(Assignment): Could you restate the entries below word for word and leave out the pictures?

(Saved data entries)
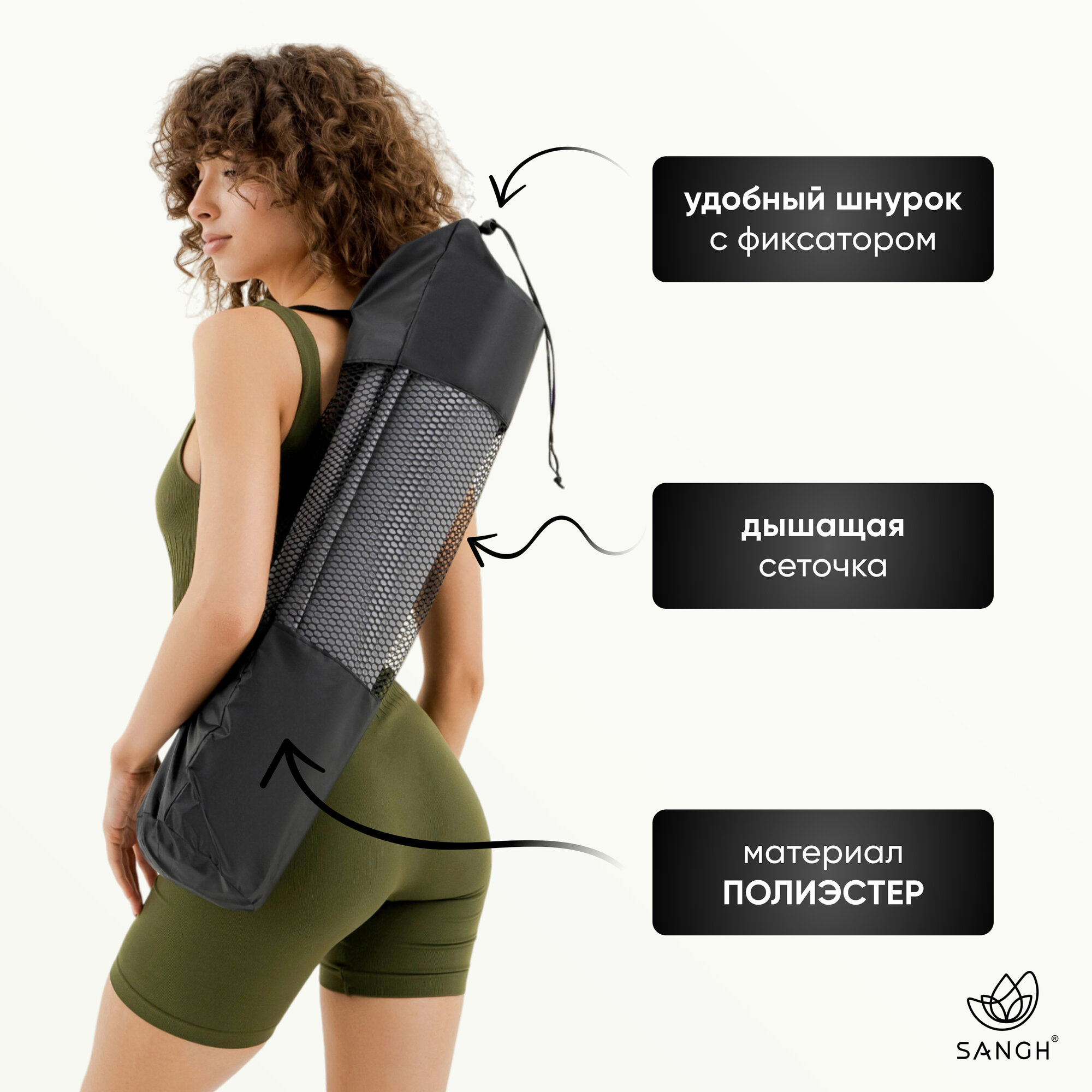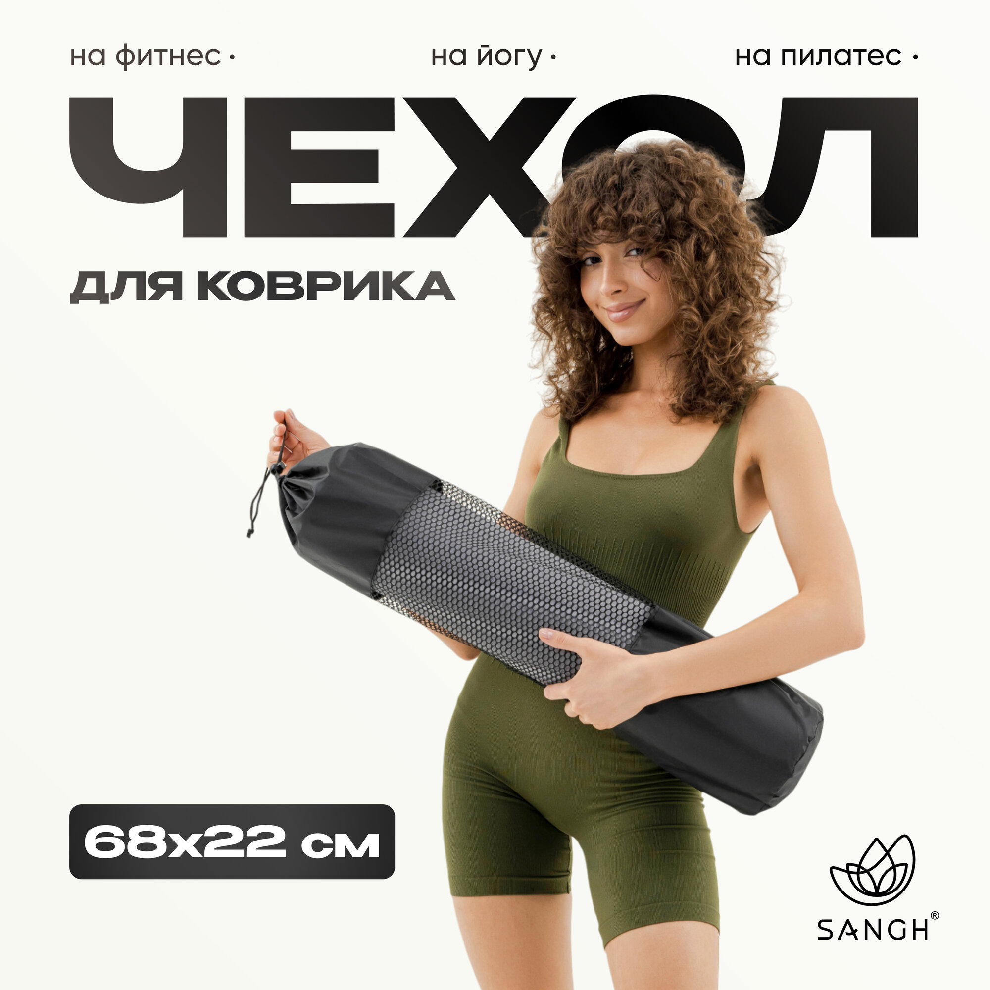 Чехол для йога-коврика Sangh, размеры 68 × 22 см (для толщины до 6 мм), цвет чёрный
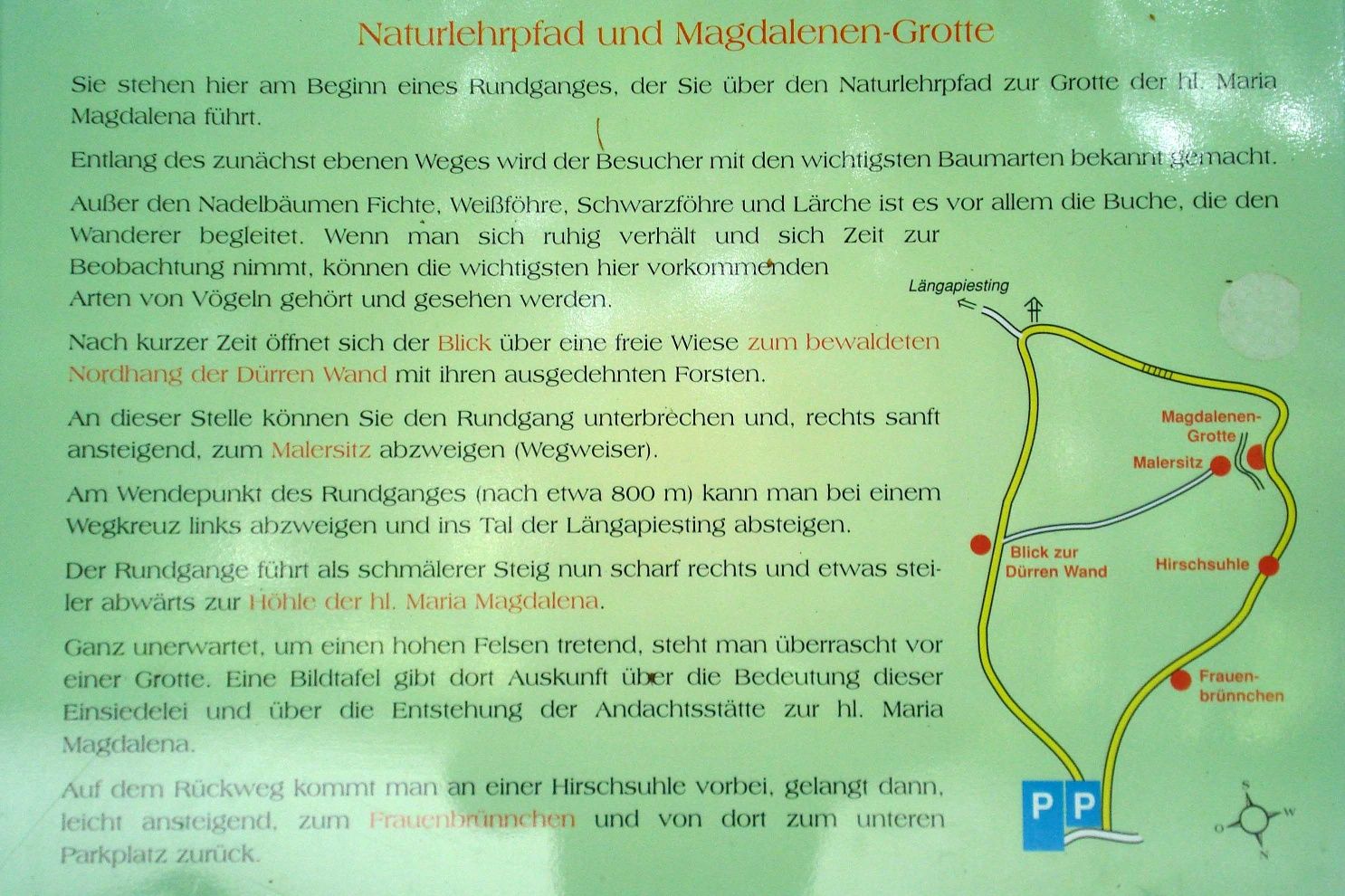 Vydáme se z parkoviště u farního kostela po cestě vedoucí podél plotu zámeckého parku Hoyos do otevírající se krajiny Längapiesting. U rozcestníku na Mariahilfberg odbočuje ze silnice cesta Schaftersbachweg, která nás vede mírně do kopce přes louky a pak kolem idylického domku po lesních cestách k odbočce k jeskyni Magdalenengrotte. Případně můžeme projít kolem malebné kapličky u cesty přes přírodní louku k naučné stezce. Cesta k Magdalenrotte vede borovým lesem kolem jelení dutiny a studánky Frauenbrünnchen na parkoviště na Mariahilfbergu.
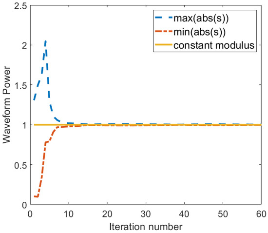 Figure 8 shows how the CM constraint is met. The plots in the figure show the maximum and the minimum modulus samples of , and the desired uni-modulus samples, at each iteration. As can be seen in the plots, the maximum and the minimum values settle at 1 at about the 10th iteration.
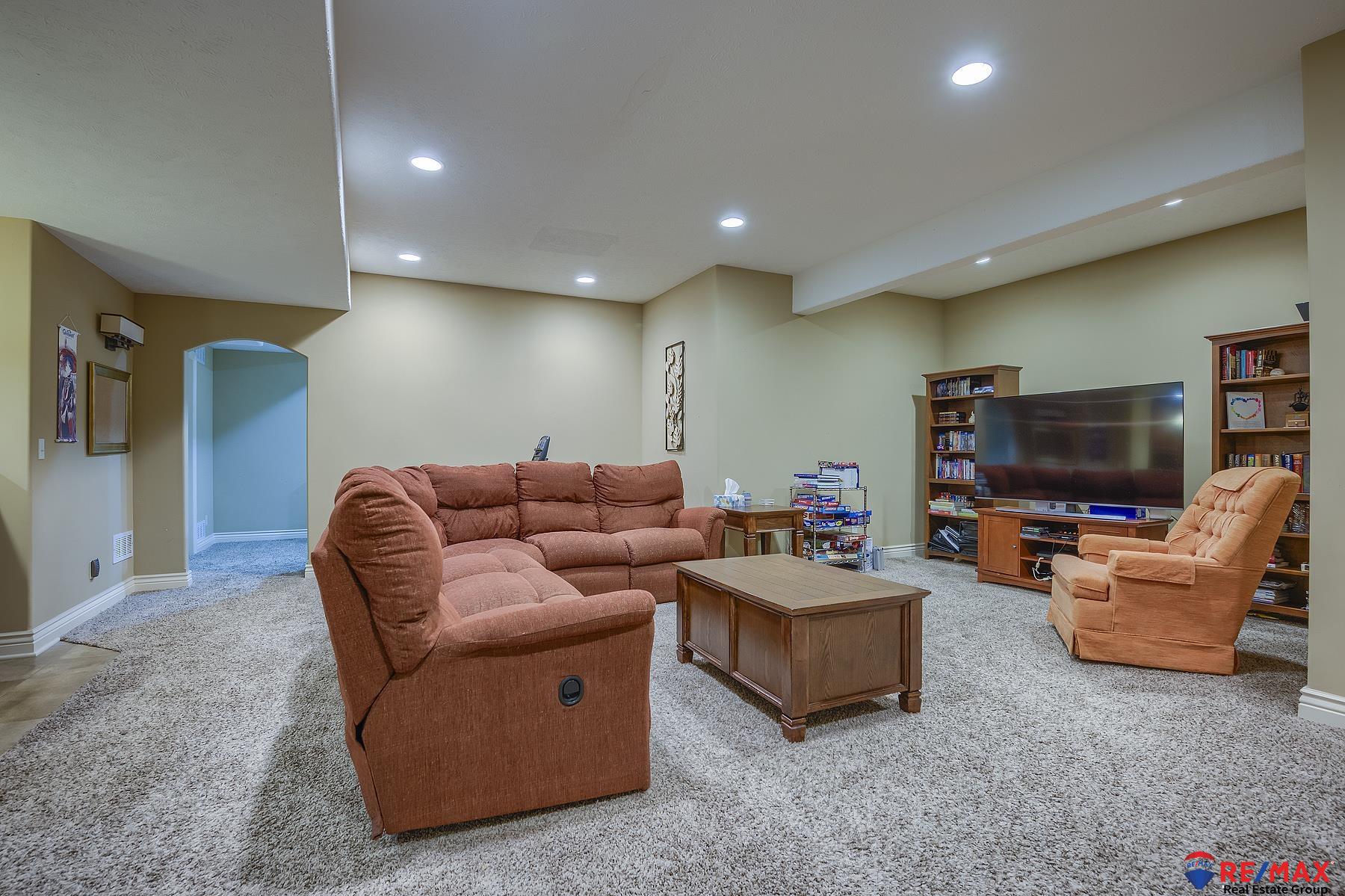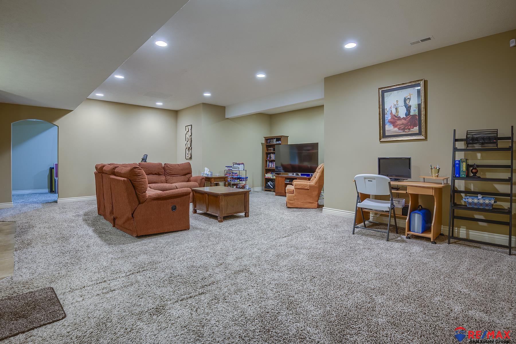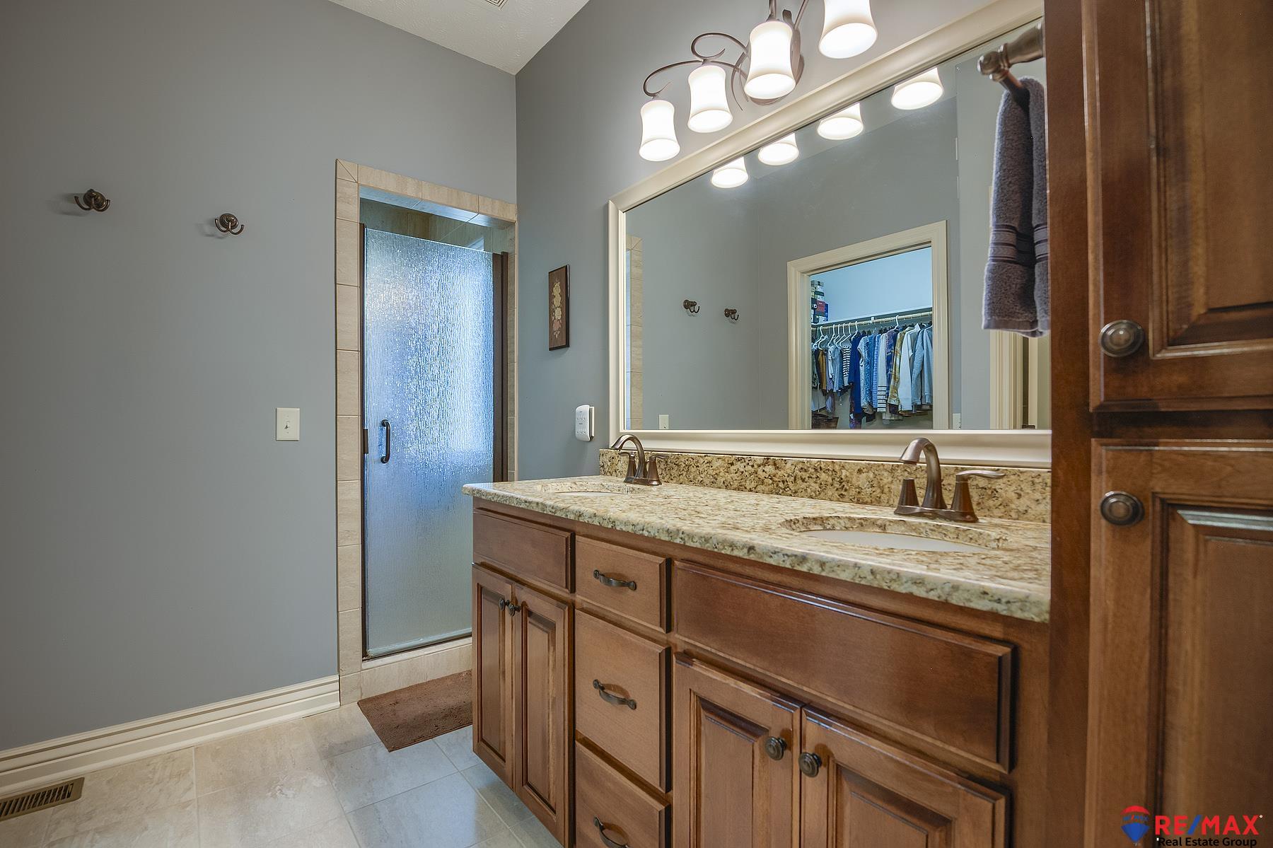 Open Sunday Feb. 22 from 1-3. Stop by! Like new 5BR, 3BA, 3 car south-facing ranch offering style, space and many upgrades throughout. Split bedroom design on main floor. Stunning wood floors in the LR, kitchen, drop zone and hallways. Kitchen flows into the living and dining areas. Primary suite walk-in shower, dual sinks, and a private patio door access to the ultimate backyard oasis. Main floor laundry room has sink & lots of cabinets. Professionally landscaped yard complete with a privacy fence, 24x14 covered patio and fire pit. Finished lower level was built for entertaining with a wet bar/kitchenette, media area and game area plus two additional bedrooms and bath. Loaded with upgrades including Andersen windows, newer roof, gutters, Leaf Filter system, water heater, disposals, dishwasher and security system. This move-in ready ranch truly has it all--space, updates and an unbeatable backyard setting! Assumable 3% VA loan for qualified buyer.
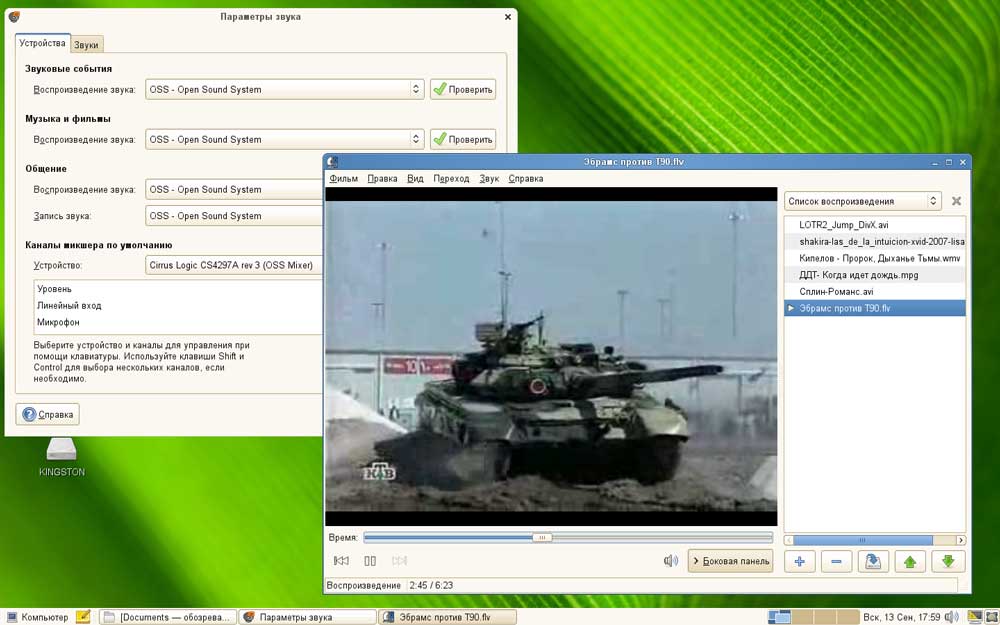 По окончании установки мы снова запустили mp3 файл, однако вместо музыки услышали... Точнее мы не услышали ничего, хотя картинка видеофайла исправно воспроизводилась. Опытным путем мы установили, что в настройках звука в Центре управления в качестве микшера надо выставить OSS, после чего проблем со звуком больше не было. Кроме того плеер Banshee не всегда корректно воспроизводил видео, выдавая иногда вместо картинки черный экран, с видеоплеером Totem, также присутствующим в комплекте, таких проблем не возникало и мы сделали его видеоплеером по умолчанию.
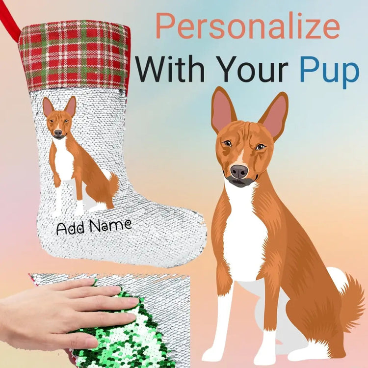 Personalized Basenji Shiny Sequin Christmas Stocking

(Task result):
 Чехол для йога-коврика Sangh, размеры 68 × 22 см (для толщины до 6 мм), цвет чёрный
 Vydáme se z parkoviště u farního kostela po cestě vedoucí podél plotu zámeckého parku Hoyos do otevírající se krajiny Längapiesting. U rozcestníku na Mariahilfberg odbočuje ze silnice cesta Schaftersbachweg, která nás vede mírně do kopce přes louky a pak kolem idylického domku po lesních cestách k odbočce k jeskyni Magdalenengrotte. Případně můžeme projít kolem malebné kapličky u cesty přes přírodní louku k naučné stezce. Cesta k Magdalenrotte vede borovým lesem kolem jelení dutiny a studánky Frauenbrünnchen na parkoviště na Mariahilfbergu.
 Figure 8 shows how the CM constraint is met. The plots in the figure show the maximum and the minimum modulus samples of , and the desired uni-modulus samples, at each iteration. As can be seen in the plots, the maximum and the minimum values settle at 1 at about the 10th iteration.
 Open Sunday Feb. 22 from 1-3. Stop by! Like new 5BR, 3BA, 3 car south-facing ranch offering style, space and many upgrades throughout. Split bedroom design on main floor. Stunning wood floors in the LR, kitchen, drop zone and hallways. Kitchen flows into the living and dining areas. Primary suite walk-in shower, dual sinks, and a private patio door access to the ultimate backyard oasis. Main floor laundry room has sink & lots of cabinets. Professionally landscaped yard complete with a privacy fence, 24x14 covered patio and fire pit. Finished lower level was built for entertaining with a wet bar/kitchenette, media area and game area plus two additional bedrooms and bath. Loaded with upgrades including Andersen windows, newer roof, gutters, Leaf Filter system, water heater, disposals, dishwasher and security system. This move-in ready ranch truly has it all--space, updates and an unbeatable backyard setting! Assumable 3% VA loan for qualified buyer.
 По окончании установки мы снова запустили mp3 файл, однако вместо музыки услышали... Точнее мы не услышали ничего, хотя картинка видеофайла исправно воспроизводилась. Опытным путем мы установили, что в настройках звука в Центре управления в качестве микшера надо выставить OSS, после чего проблем со звуком больше не было. Кроме того плеер Banshee не всегда корректно воспроизводил видео, выдавая иногда вместо картинки черный экран, с видеоплеером Totem, также присутствующим в комплекте, таких проблем не возникало и мы сделали его видеоплеером по умолчанию.
 Personalized Basenji Shiny Sequin Christmas Stocking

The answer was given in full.